With that, they all bent to Gandalf's superior will. Gandalf in turn, got a great view of all their asses.
**********Imladris...
A small figure showed up at the gate and was allowed in. He was there to find the ball and chain of his nightmares, Gandalf the Gray. He would have been white, Bilbo considered, if he'd only take a bath once in a while.
He walked in and sat on a bench, waiting for someone to notice. It would be a while.
Elrond sighed and straightened his hair, clean and sober as a judge. He had learned a lot of stuff but he had done his best to rise to the occasion. Insights sprouted on him like warts on a hog:
1. His father was a clueless twit.
2. His mother was one easy babe, he was finding out.
3. He was now related to most of the Valar, half the Maiar and shock of shocks! Sauron was his half-sister. don't even ask
4. He needed a drink.
As he stood in the doorway of his den, watching as Manwe mixed himself a hangover antidote, a woman entered packing a rod.
"WHERE IS HE!"
"Who?" Elrond asked, blanching.
"MANWE!"
"Dad? This one's for you," Elrond said, spinning and running for the hills.
***BLAM!BLAM!BLAM!BLAM!BLAM!BLAM!***
**********Through the wonders of this keyboard, the Fellowship entered the domain of Elrond about five seconds after the shooting. With barely a sweat breaking out, they walked past the guard on their way to Elrond's wet bar in the billiard room.
"I can't *wait* to tell Elrond that you and I are going to do it full time and exclusively," Legolas said, flouncing along in front of Aragorn.
Aragorn watched his elf butt and sighed. "I'm sure he will be pleased as peas," Aragorn sighed, dreading Arwen's opinion.
They scooted down the hill, passing emergency care workers and entered, noting the number and artistic placement of the bullet holes that dotted the room.
"What happened?" Gandalf asked, spying Elrond.
"Elbereth came and shot up the place. She was trying to kill Dad."
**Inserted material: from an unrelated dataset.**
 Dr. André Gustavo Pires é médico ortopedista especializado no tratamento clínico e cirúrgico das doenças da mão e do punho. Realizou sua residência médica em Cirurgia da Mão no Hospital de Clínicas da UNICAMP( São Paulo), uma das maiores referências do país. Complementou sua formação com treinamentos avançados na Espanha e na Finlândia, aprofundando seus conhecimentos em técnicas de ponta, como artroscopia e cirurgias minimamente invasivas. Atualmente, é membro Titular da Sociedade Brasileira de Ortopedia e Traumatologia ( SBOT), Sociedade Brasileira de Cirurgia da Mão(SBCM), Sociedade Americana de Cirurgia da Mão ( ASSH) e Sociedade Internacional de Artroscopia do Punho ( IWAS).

"Earendil is here?" Gandalf asked.
"You're ten pages behind," Elrond said, sighing. "It appears that my mom was a slut."
/... damn! ... *now* he tells me .../ "I am sorry to hear that."
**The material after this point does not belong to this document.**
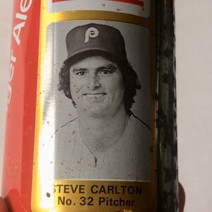 Vintage 1979 Canada Dry Ginger Ale Can featuring Phillies Baseball Pitcher Steve Carlton Number 32. There is no liquid inside. The vintage pull tab is unopened. Canada Dry Delaware Valley Bottling Company, Philadelphia, PA.

They gathered and watched as Glorfindel swathed Manwe's ass in bandages. Nearby, tapping her foot with great irritation, Elbereth watched.
"I want the garage cleaned out, the lawn mowed, the attic cleaned and I want a new chariot, a new horse, a new set of spring fashions from the Cote d'Sur, a buncha pictures painted by Viggo Morrison, a full body massage from those little punks ... Gandalf's kids ... they can walk on my back ... and I want-"
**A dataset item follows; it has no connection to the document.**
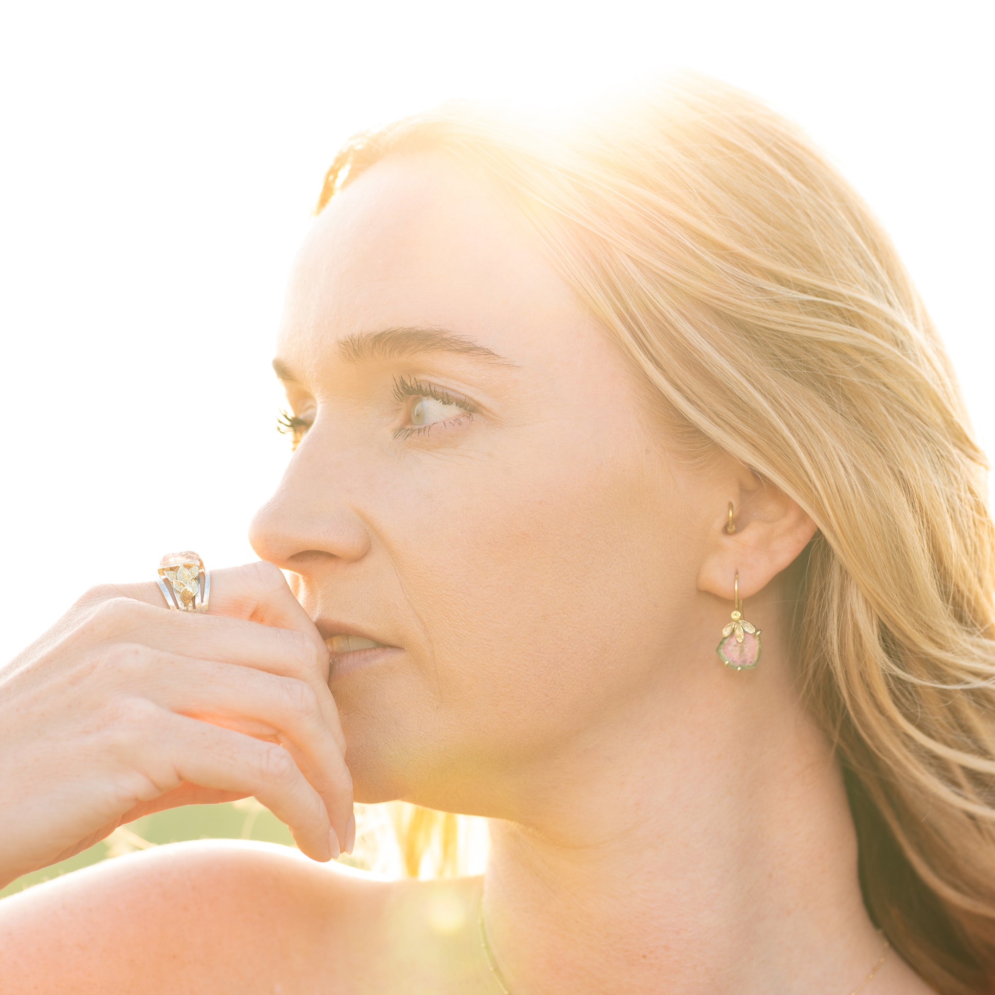 Gold earrings with watermelon tourmaline SOLD

They all turned and walked outside. Bilbo stood up, noting his old man and kids.
"Gandalf!"
"Oh, crap! Bilbo!"
The little hobbit ran and hugged his husband around the waist, bringing a smile to Gandalf's face in spite of himself. He was contented, really. Hobbits really were just the right size.
"God, they make me sick." -hobbit/maiar boy-lets, whining as they watched their parents french like twisted gargoyles.
"I think it's like so romantic!" Legolas, turning and frenching Aragorn, son of someone who has been maggot food for a long time.
Gimli walked into the room and called out to Elrond: "HEY YOU! I HOPE YOU'RE SATISFIED!"
"I DENY IT! DENY IT! DENY!DENY!DENY!" - Elrond, breaking out a new bottle of scotch.
/... it's good to be home .../ -Aragorn, as he struggled to breathe around Legolas' prehensile tongue.
And then Arwen walked into the room.